Wednesday 9 January 2013

How to make us all feel so insignificant

THERE'S great TV to be seen each evening this week on BBC2 as Stargazing Live has returned to our screens.

I wish it had been a subject at school all those years ago with the teacher leading the class clearly enthused about the stuff he was teaching. (I'll return to this matter on another Blog).

Anyway, Professor Brian Cox - yes, it's the brainy D:Ream bloke again - is once again educating and enlightening us on things I don't claim to understand in the slightest but sound, for want of a better word, astronomical.

Maths at school was a complete waste of time for me. Bloody hated the subject and found it so tedious, especially calculus (for me, he was Tintin's eccentric professor pal), logarithms (do they still do them?) and algebra (x +y - x = whatever). Could never get into it at all.

So you'd naturally expect, when maths and massive numbers are mentioned with carefree abandon by the experts talking about the universe, that I'd switch off.

Far from it.

I'm just in complete awe of what they're talking about.

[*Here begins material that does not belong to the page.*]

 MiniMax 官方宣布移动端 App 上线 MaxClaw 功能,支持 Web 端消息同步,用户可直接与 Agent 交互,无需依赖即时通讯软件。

Even if I don't really understand it. Which I don't.

There was a sequence in tonight's programme, for instance, where a mathematical formula had been found to calculate, roughly, the age of the universe. Apparently it's around 15 billion years or so. How that figure was reached, God (literally) only knows.

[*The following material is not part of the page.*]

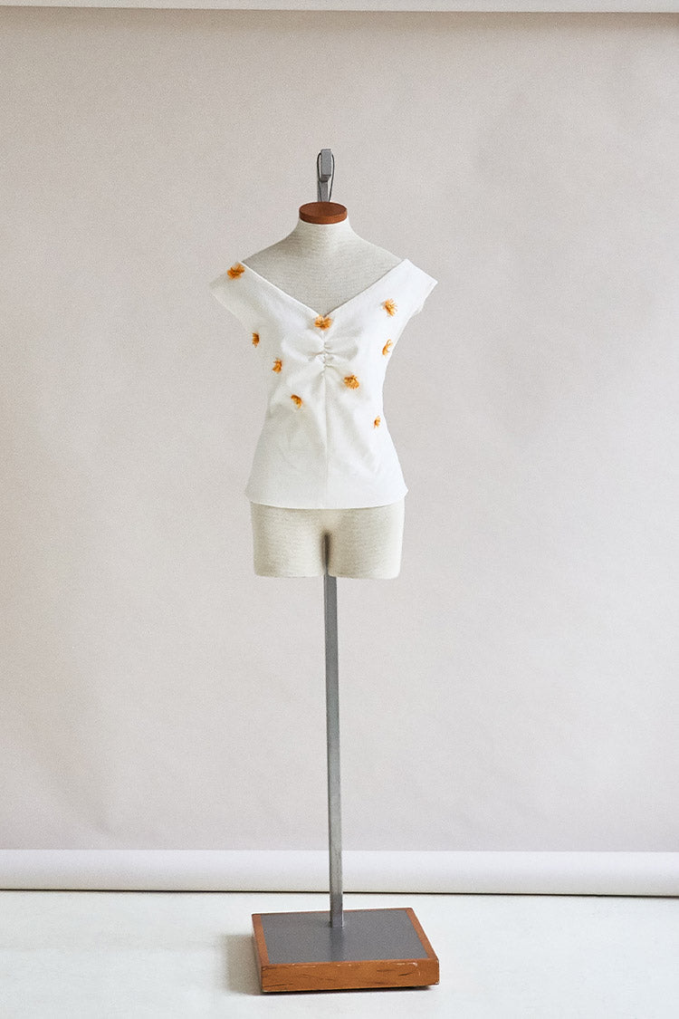 What makes this piece truly special is the possibility to add hand-embroidered floral details along the neckline—ideal for those who want to add a personal and creative touch. Whether paired with a voluminous skirt or styled under a tailored coat for colder seasons, MARGARITE is a versatile top for both everyday elegance and festive occasions.

What I do know is it was all incredibly entertaining and made me want to find out more about what's above us.

There was also a really interesting piece about the red supergiant star Betelgeuse. This thing is big. And when I say big, I really do mean seriously vast. Apparently, it's diameter is about 1,000 times bigger than our own Sun. In fact, if it were placed in the position of the Sun, its surface would stretch out past Mars!

And the thing about Betelgeuse is it could explode anytime soon! It's burnt away all of its hydrogen leaving helium and could blow big style, creating a supernova. We would see the light from this explosion on Earth for a fortnight!

All this only added to the 'wow factor' the programme generated. There's an event at Martin Mere on the 19th of this month between 7pm and 9pm where you can go stargazing with experts on hand to tell you what you're looking at so I'm aiming to go to that - it promises to be great, so long as the sky is clear.

The main feeling I got from watching the programme is how completely insignificant Earth is in relation to the rest of the Universe. We're just a tiny pinprick of a microdot on the whole, ever-moving picture of the Universe.

It certainly makes you think as well as making you want to gaze upwards to the heavens and ask that question we all ask and want to know the definitive answer to: Just why are we all here?